Une autre inquiétude de l’ancien Directeur de l’Onas : le respect de la séparation des pouvoirs. En effet, note-t-il, «par sa composition, avec une majorité de 8 parlementaires qui siègent à la Haute Cour de Justice aux côtés du président, seul juge avec une compétence avérée, la Haute Cour de justice viole un principe fondamental de l’Etat de droit, à savoir la séparation des pouvoirs». Pour lui, l’Assemblée nationale devrait se cantonner à son rôle de vote des lois et de contrôle de leur exécution par le Gouvernement, puisque l’application des lois est une fonction exclusive des Cours et Tribunaux. D’après M. Dieng, il y a une violation de ce principe sacro-saint de l’Etat de droit et, par conséquent, «une incongruité constitutionnelle qui devra être rapidement corrigée».
Dr Cheikh Dieng attire aussi l’attention sur la violation des conventions internationales avec cette Cour. «Les décisions de la Haute Cour de justice sont légales et contraignantes. Toutefois, les avocats des mis en cause évoquent déjà une procédure d’exception d’inconstitutionnalité devant la Cour constitutionnelle qui refilera très certainement la patate à la Cour suprême, en raison de la violation manifeste des conventions internationales que nous avons évoquée supra et sûrement du principe de séparation des pouvoirs», fait il noter.
«Il y aura une violation des conventions internationales»

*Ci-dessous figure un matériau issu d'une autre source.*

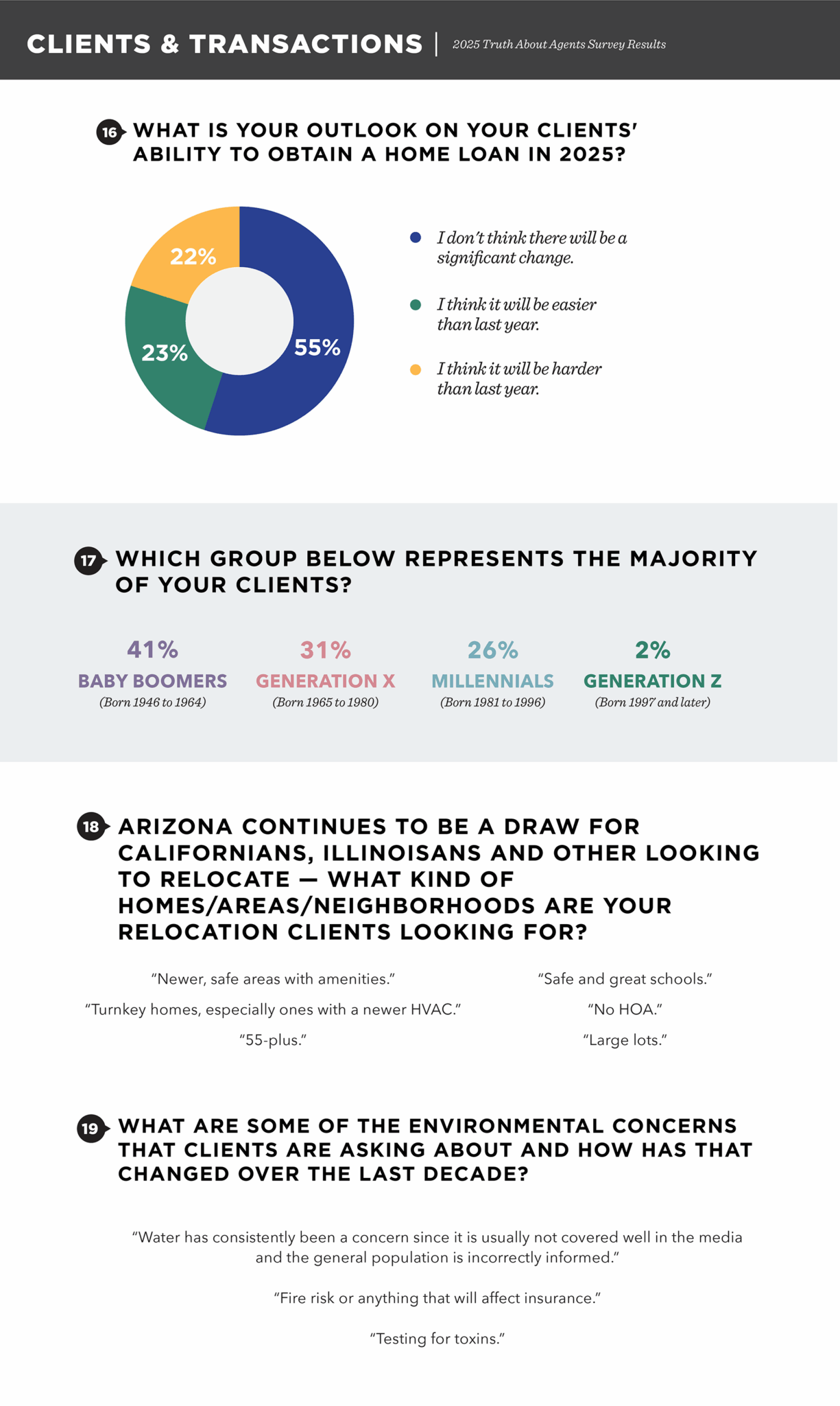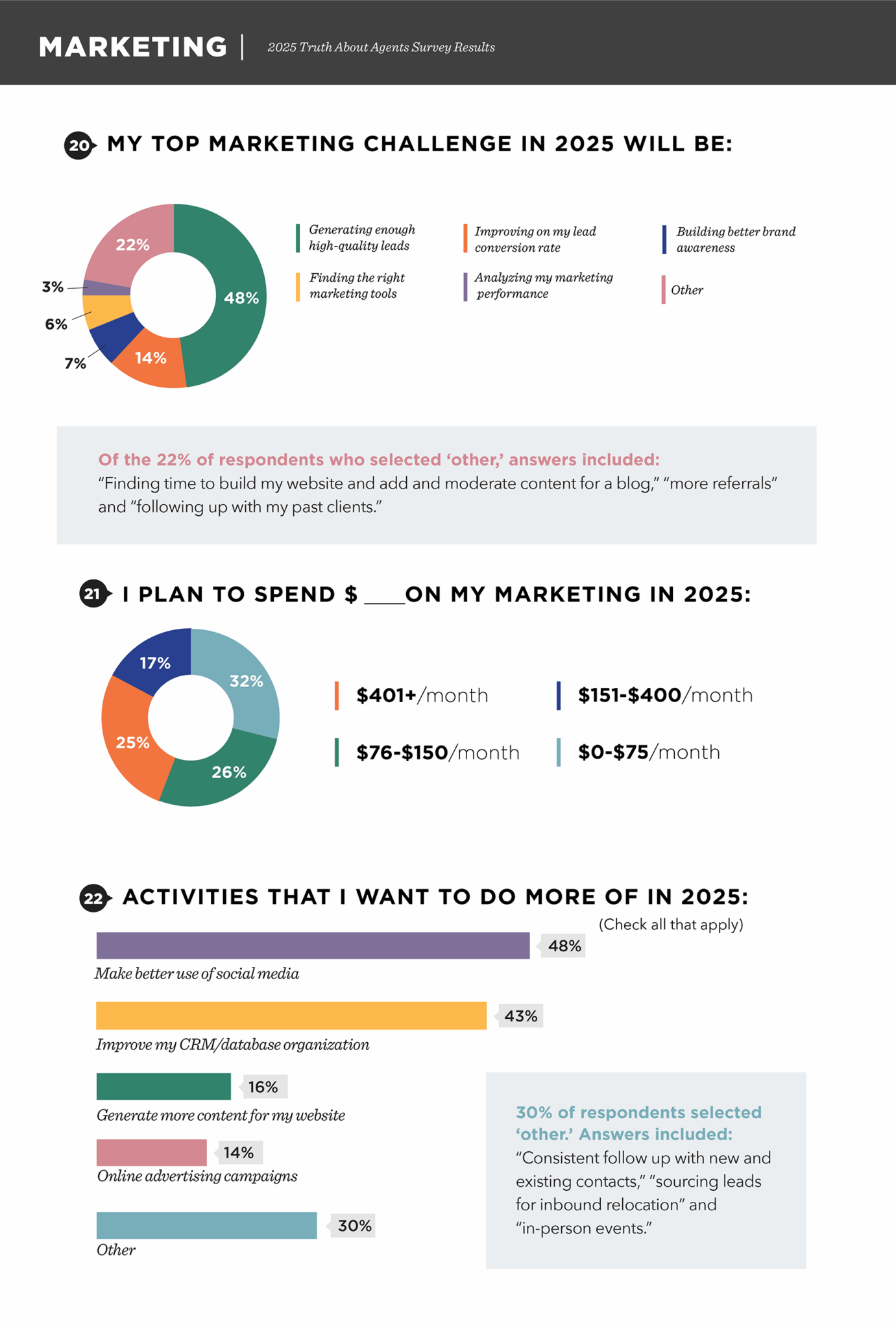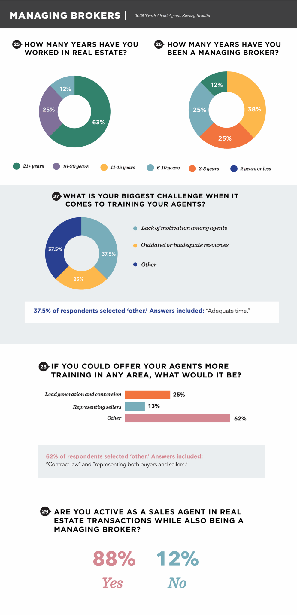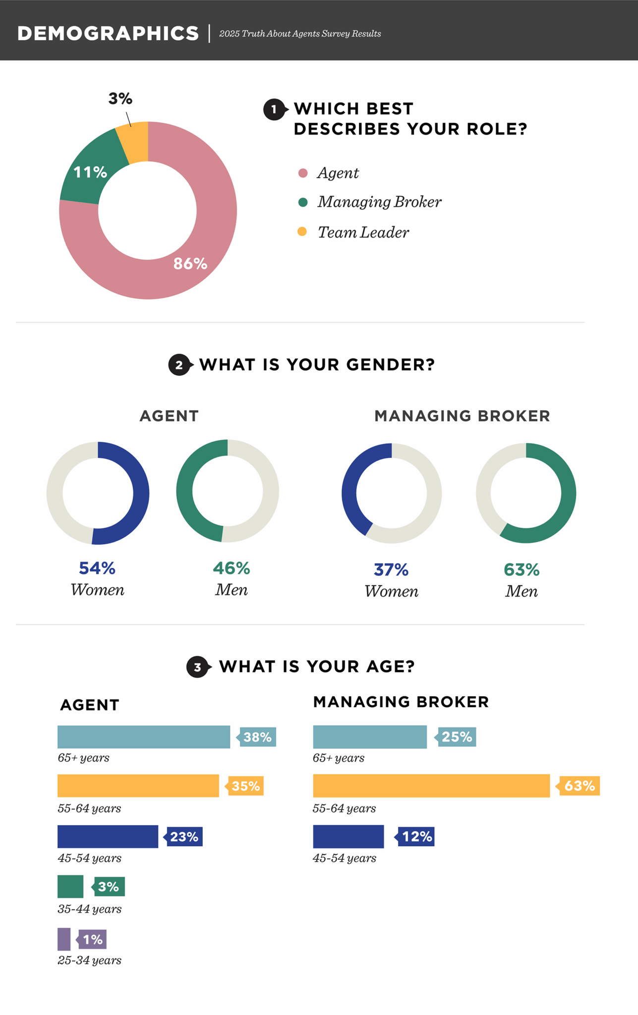 Check out our findings on: Income | Career | Training | Marketing | Demographics | Clients and Transactions | Managing Brokers | Real Estate Teams | New Construction | Artificial Intelligence

Poursuivant, Cheikh Dieng souligne qu’il ne fait aucun doute que les condamnations éventuelles que prononcerait la Haute Cour de justice seront déférées devant les instances internationales, en particulier le Comité des droits de l’homme de l’Onu ou la Cour africaine des droits de l’homme et «nul doute alors que ces instances mettraient le Gouvernement du Sénégal face à la responsabilité de ses engagements internationaux, notamment en ce qui concerne l’exigence d’une double juridiction de jugement et l’absence d’impartialité de militants politiques érigés en juges, fussent-ils des parlementaires investis d’un pouvoir désuet conféré par une disposition constitutionnelle obsolète», affirme le leader de Feep Tawfekh, qui rappelle les déboires de l’Etat du Sénégal face à Karim Wade, Khalifa Sall et plus récemment Lat Diop. «Notre pays devra-t-il porter indéfiniment les oripeaux d’un Etat qui ne respecte pas le droit international auquel il a souscrit ?», se demande-t-il.
«L’exigence de crédit de la reddition des comptes demande d’éviter toute précipitation préjudiciable»
C’est pourquoi Cheikh Dieng demande aux autorités de prendre le temps nécessaire pour réformer cette juridiction d’exception, avant toute poursuite. «L’exigence de crédit que nous devons conférer à la juste initiative de reddition des comptes demande d’éviter toute précipitation préjudiciable. En son état actuel, la Haute Cour de justice risque de produire des condamnations fragilisées par des manquements aux normes internationales». Donc, dit-il, le Gouvernement doit marquer le temps d’arrêt nécessaire pour mettre les formes qui conféreront aux condamnations éventuelles tout le crédit juridique nécessaire et rendre les décisions exécutoires sur le plan international. À cet effet, Cheikh Dieng recomande «impérativement et urgemment de réformer la Constitution en ce qui concerne la Haute Cour de justice en revisitant son mode de fonctionnement pour permettre la saisine de la Cour suprême comme instance de second degré de jugement et en revoyant sa composition ; les députés improvisés juges seront remplacés par des magistrats aguerris dont le métier est de dire le droit et le dire en toute impartialité», propose-t-il.